"pos_weight" and "weight" parameters in BCEWithLogitsLoss

KFrank · August 31, 2021, 6:41pm

Hi Ali!

Let me answer a couple of your specific questions first and then explain
how I look at it.

In this case the current (1.9.0) documentation for BCEWithLogitsLoss
is wrong (or at least misleading). Quoting:

weight (Tensor, optional) – a manual rescaling weight given to the loss of each batch element. If given, has to be a Tensor of size nbatch.

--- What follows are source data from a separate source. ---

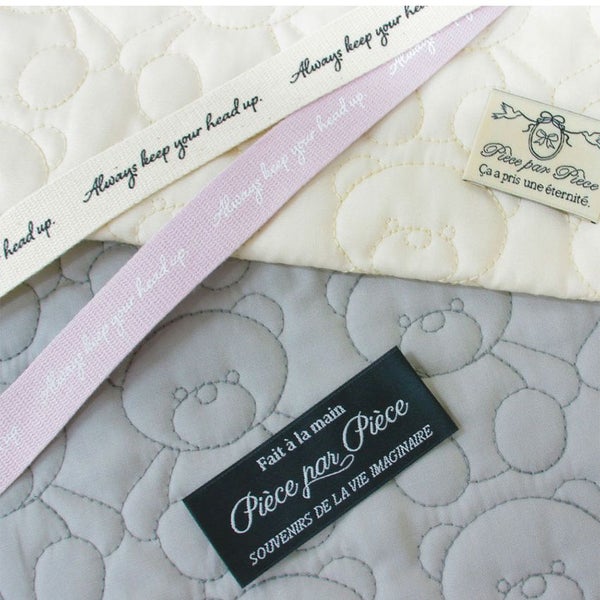 手をつないだくまさんの刺しゅうが並ぶ、やさしくて可愛いデザイン。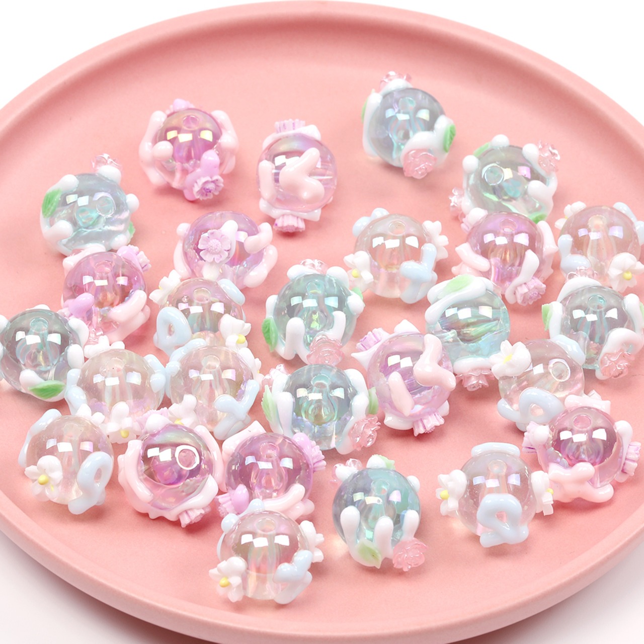 A5167 アクリル丸玉ビーズ 手描きアクリルビーズ 丸玉 ラウンド 円形 丸型 通し穴あり 縦穴 フラワー装飾 花装飾 フラワー付き 花付き 16mm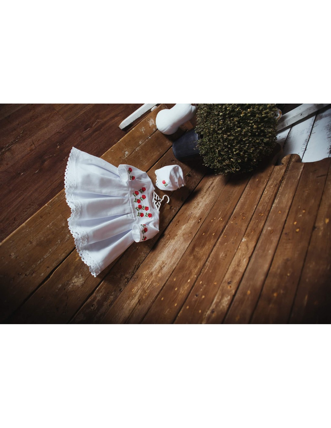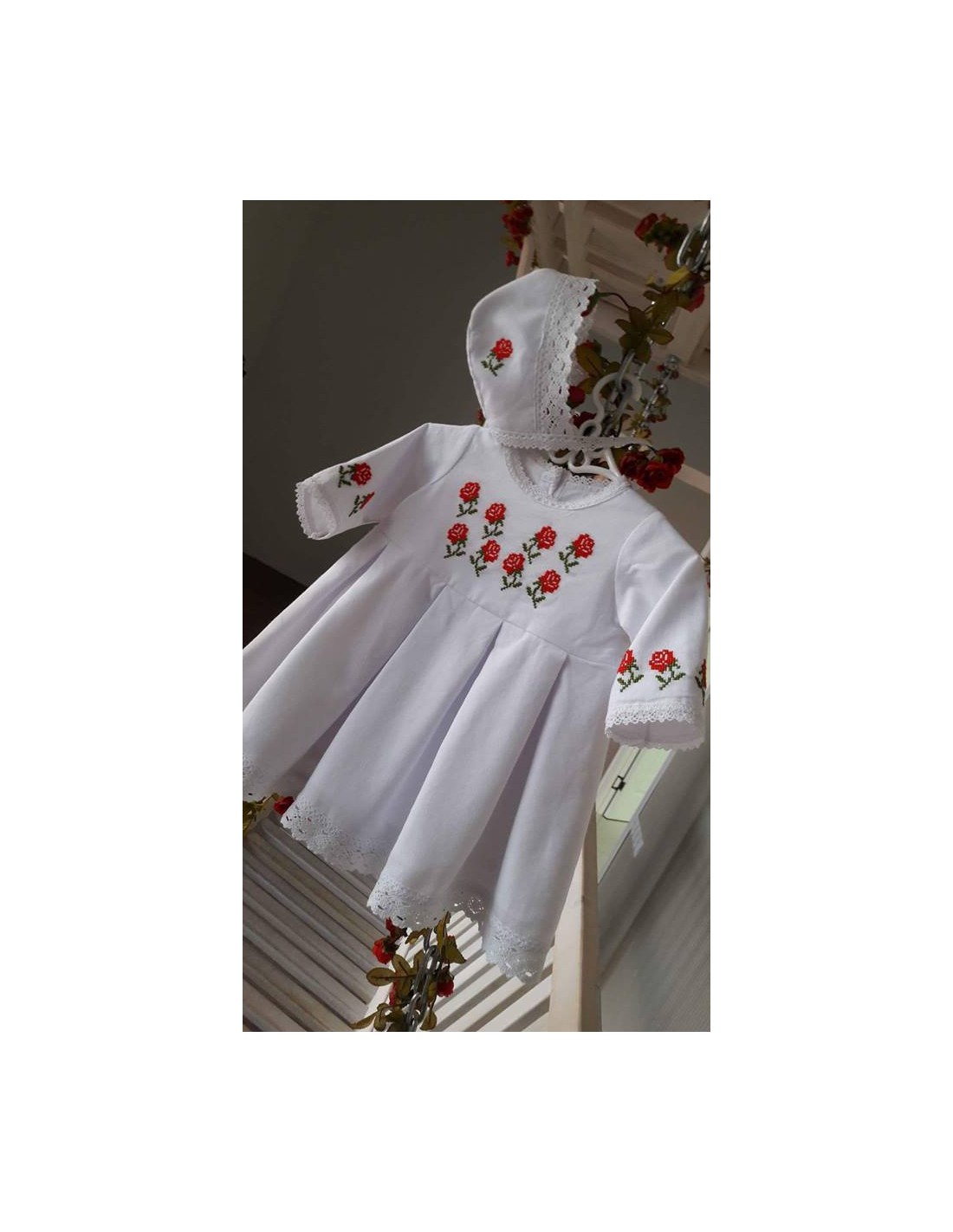 Străițele de botez sunt create din pânză naturală, tradițională românească, sustenabilă, 100 % bumbac, prietenoasă ecosistemului și corpului bebelușului, antialergică și aerată care lasă pielea să respire. Setul este disponibil a fi creat din pânză de bumbac sau cânepă. Setul de străițe conține: rochiță, scufiță, botoșei.Rochița se închide cu nasturi la spate. Fiecare articol din componența setului se poate achiziționa și separat.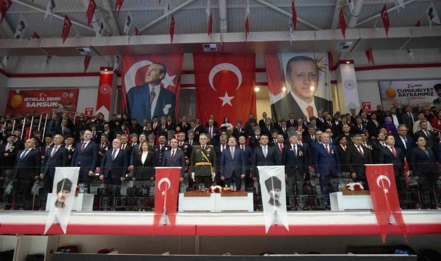 29 Ekim Cumhuriyet Bayramı kutlamaları Samsun'da olumsuz hava şartları nedeniyle Cumhuriyet Meydanı'ndan alınarak, Mustafa Dağıstanlı Spor Salonu'nda yapıldı. Tören ilk olarak Samsun Valisi Orhan Tavlı, Samsun Garnizon Komutanı Gazi Tümgeneral Davut Ala ve Samsun Büyükşehir Belediye Başkanı Halit Doğan'ın halkın bayramı kutlaması ile başladı. Ardından saygı duruşunda bulunulup, İstiklal Marşı okundu. Törende Cumhurbaşkanı Recep Tayyip Erdoğan'ın mesajı da okundu.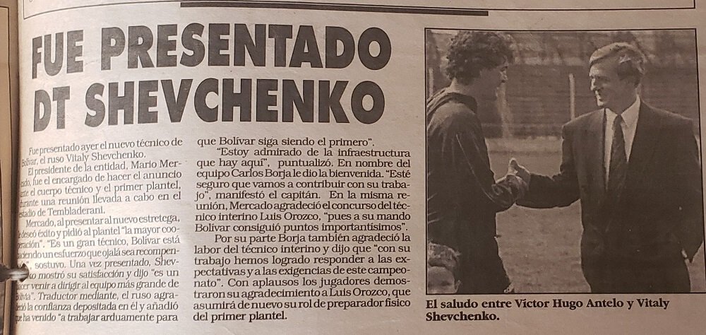 Меркадо представил Шевченко игрокам «Боливара» 30 августа 1992-го. Президент призвал команду во всем прислушиваться к Виталию Викторовичу и добавил: «Он отличный тренер. «Боливар» приложил огромные усилия, чтобы заполучить его. Надеюсь, наши усилия будут вознаграждены».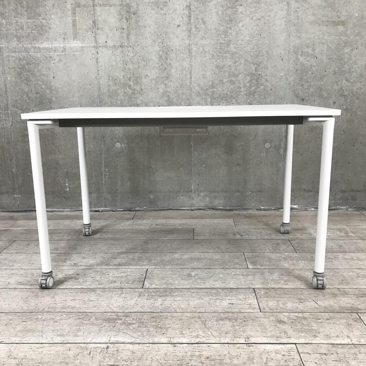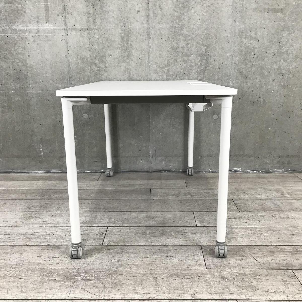 【在庫入替セール】イトーキ アクティブフィールド パーソナルテーブル(平机) 角型 キャスター脚 配線口タイプ 天板ホワイト×脚ホワイト

On the contrary, weight can have other shapes – for example, it can
have the same shape as input. (As near as I can tell, the precise
requirement is that the shape of weight and input need to be
broadcastable.)

The documentation for the functional version,
binary_cross_entropy_with_logits(), comes closer to being correct:

weight (Tensor, optional) – a manual rescaling weight if provided it’s repeated to match input tensor shape

I think that what you are calling the “class weights tensor” is the
weight tensor. (Any imagined difference would arise from how
you interpret them based on your use case.)

Please note that BCEWithLogitsLoss takes four tensor arguments:
weight, pos_weight, input, and target. The first two are passed
in when BCEWithLogitsLoss’s constructor is called to instantiate a
loss-function object, and the second two are passed in when the
resulting loss-function object is called. There is no separate “class
weights” argument.

Now to explain my understanding:

As far as I can tell, weight, pos_weight, input, and target need
only be broadcastable to one another. To simplify the discussion, let’s
assume that they are all of the same shape.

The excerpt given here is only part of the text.